Fatehgarh reservoirs in Aishwariya field, located in Barmer Basin of Rajasthan India, have very high CO2 content; ~80-90 mole% CO2 in the gas phase and ~10-40 mole% CO2 in the oil phase. Formation water sample has shown CO2 concentration of ~7500 ppm with a pH of ~5.6. The oil is moderately viscous and aqueous based chemical EOR techniques like polymer/ASP flooding have been identified as the most suitable for Aishwariya's field conditions. The presence of CO2 decreases the pH of a system. The viscosity of polyacrylamide polymers is known to decrease with reduction in pH; however, to the best of author's knowledge, commercial simulators do not have any method to directly model this viscosity dependence on pH. Therefore, a procedure was developed to capture the impact of CO2 on polymer in-situ viscosity in a reservoir simulation model.

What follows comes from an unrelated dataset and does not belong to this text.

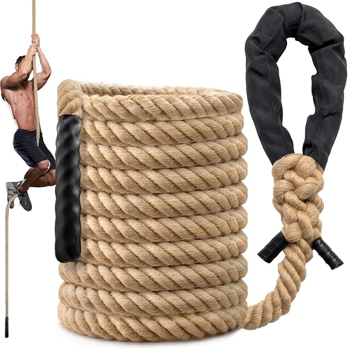 • Enhanced Tensile Strength: Handwoven from premium heavy duty jute with tight twists, this 1.5-inch thick rope offers superior stronger tensile strength and abrasion resistance, tested at 16,000N to support an enhanced up to 600 lbs - outperforming standard when properly installed, ensuring durability and safety for intense workouts with multiple lengths to adjust exercise intensity, serving as an ideal gift for professional and amateur sports lovers of ages

An EOS based PVT model was first developed using PVT data from the field. This EOS was then used in a commercial compositional simulator to calculate the phase distribution of CO2 during an injection process. The liquid-liquid partitioning coefficient for CO2 was calculated as the ratio of CO2 mole fraction in oil phase to that in water phase. A similar model was then created in an "advanced process" reservoir simulator which modelled component distributions based on partitioning coefficients. For simplicity, the solution gas was assumed to be entirely composed of CO2. The CO2 component was defined as part of the aqueous phase instead of the default oleic phase. Data which related polymer viscosity to pH were used to create a "Viscosity-pH" table; other data permitted the construction of a "pH-CO2 concentration" relationship. Linking these two tables together allowed the development of a "Viscosity-CO2" function. Defining the CO2as an "aqueous phase salt component" enabled us to model the polymer viscosity variation with CO2 concentration. Simulation runs were then carried out both with and without the effect of CO2 on polymer viscosity and the results were compared.
The developed approach captured the impact of CO2 on the simulated polymer flood performance. It permitted us to quantify the amount of additional polymer that would be required to compensate for polymer viscosity loss in the presence of CO2. It helped to improve our confidence in polymer flood performance predictions for this field despite the presence of a significant amount of CO2.
The paper presents a step by step approach of utilizing commercially available simulation softwares to model the impact of in-situ CO2 on polymer flood performance. The proposed method can be applied in fields with high concentrations of CO2. The method can be extended for fields with lesser concentrations of CO2.